# She HATES fish!!!



## Jax08 (Feb 13, 2009)

I've tried whiting, smelt, canned mackerel, canned salmon, ocean perch..the only thing she will eat is tipali.

I just tried the ocean perch this morning and it's sitting in the fridge. She will sit in that crate all nite without touching it. Reminds me of when I was a kid and sat at the table for 5 hours because I wouldn't eat my split pea soup.

The perch is not a strong fishy taste...so do I just wait her out a while longer?
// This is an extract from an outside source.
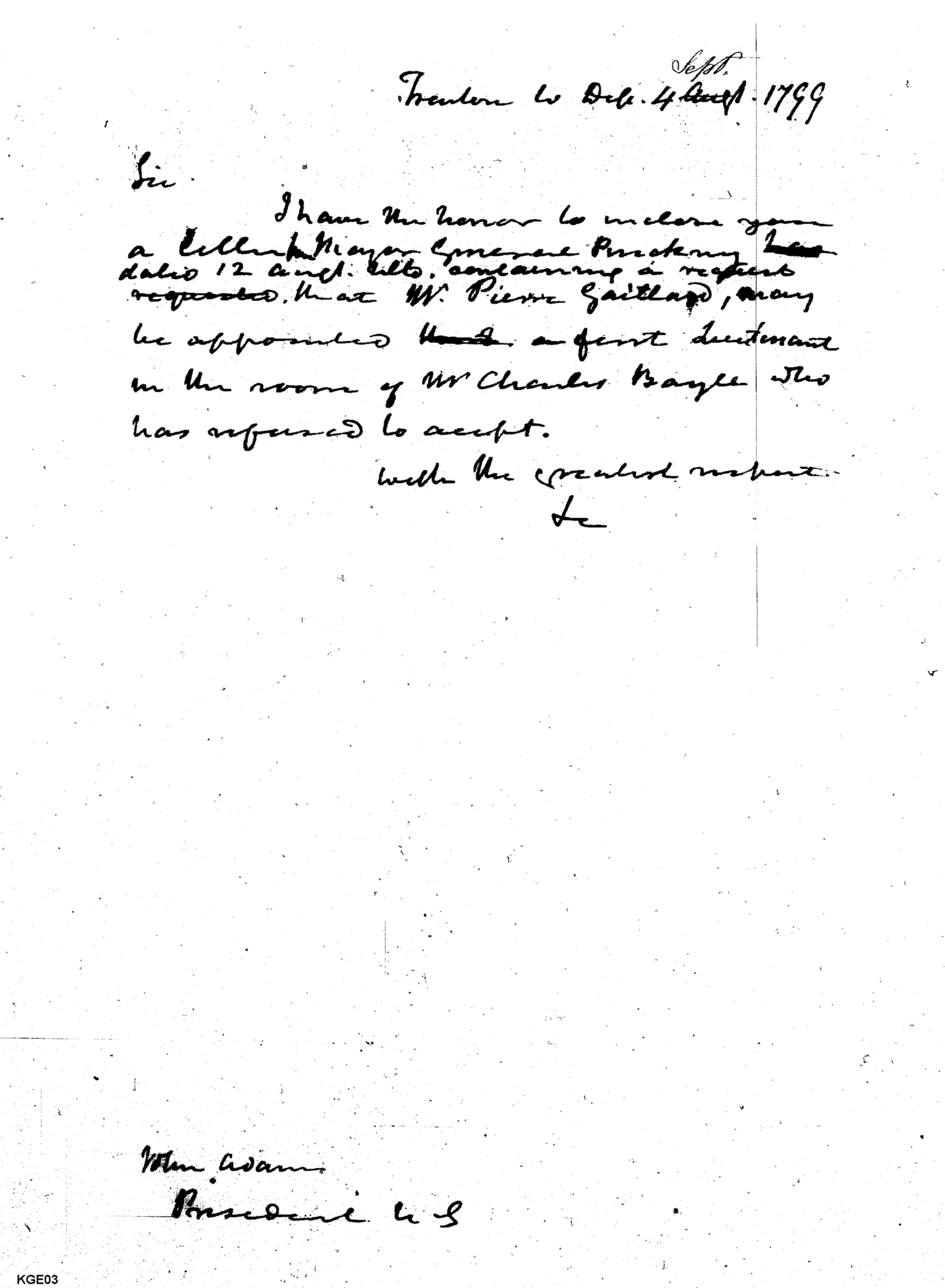 - Document: Announces Approval of Pierre Gaitlare as First Lieutenant

OR just give it up and give her something different?

I'm so tired of throwin fish away.


----------



## onyx'girl (May 18, 2007)

Give it up, did you ever eat your soup?
I usually will mix fish in with ground mix. The other night, I tried to give Onyx catfish and something else I got from my rawgroup. She kept trying to eat it, but wouldn't gulp it down, I ended up throwing it away.


----------



## Jax08 (Feb 13, 2009)

No. I did not eat my soup. It was very cold and nasty when Mom compromised and I took two bites while holding my nose. 
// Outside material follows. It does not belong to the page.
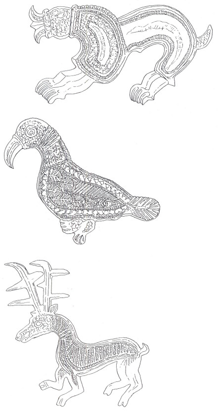 Strong relations to the southern Russian region are shown by finds of the Martynovka type, ornaments and jewels that are typical of local development in the sixth century on the territory of the western Ukraine. They include, first of all, ray-shaped clasps with masks, star-shaped ear-rings, metal figurines of fantastic animals or human figures, and even matrixes for making those metal ornaments. They are widespread in all places to which the Slavs penetrated in their expansion through the Balkans. In Yugoslavia they are concentrated in the Danube region.

However, I don't think Jax is the compromising type. LOL

I'll just stick to buying the tilapi from now on instead of trying to save a buck or give her variety.


----------



## chuckd (Jul 16, 2019)

Are you serving it whole? Gunnar is picky with fish. He's eaten every type I've given, but he won't eat it if it's whole or even filleted. I have to cube it AND skin it, too!
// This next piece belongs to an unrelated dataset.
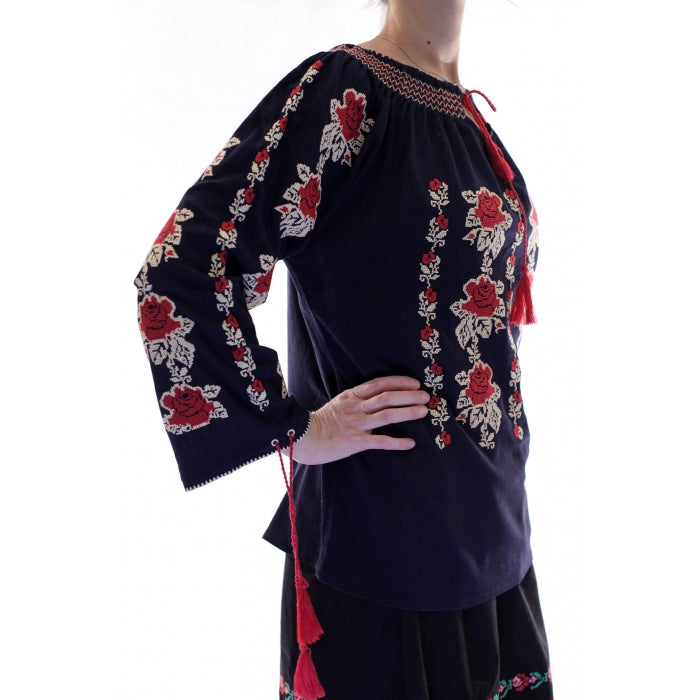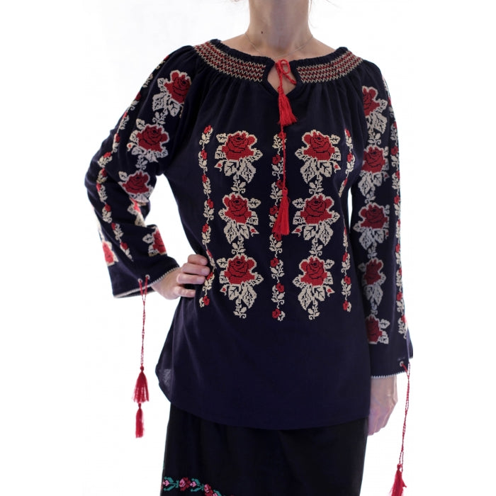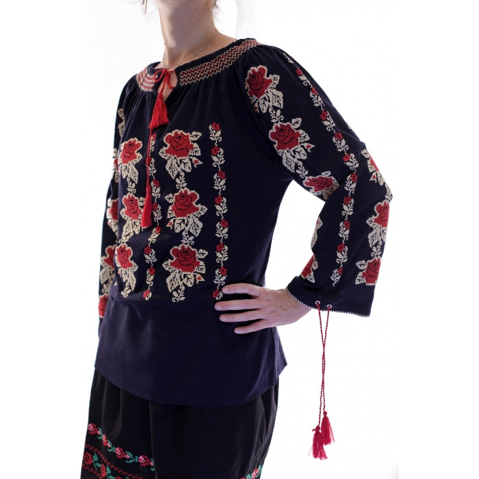 NEGRU simbolizeaza sobrietatea, intelepciunea si decenta. Pe vremuri iile brodate cu negru erau destinate femeilor in varsta, acum au devenit o piesa vestimentara eleganta esentiala in garderoba. Iile brodate cu negru transmit simplitate, eleganta si cinstea celei ce le poarta.

I don't even bother with fish for him anymore. The only time he gets it now is if I forget about one in the fridge or freezer and I don't want to let it go to waste.


----------



## Sabis mom (Mar 20, 2014)

If I put fish in Shadows dish she circles it like it may attack. Seriously. Whale eyes, lip licking, ears back. It took me two years of mixing little bits to get her to eat a fish based kibble. No real fish. Not raw or cooked. Not the oil from the canned tuna. Not sardines. 
I would just give up if I were you.


----------



## Sunflowers (Feb 17, 2012)

This thread is from 2009


----------



## chuckd (Jul 16, 2019)

haha... whoops!


----------



## Jax08 (Feb 13, 2009)

Thanks. This dog is dead. I wish people would start looking at dates and I wish this site would stop bringing old threads to life.


----------



## David Winners (Apr 30, 2012)

It's that darned recommended reading section.


----------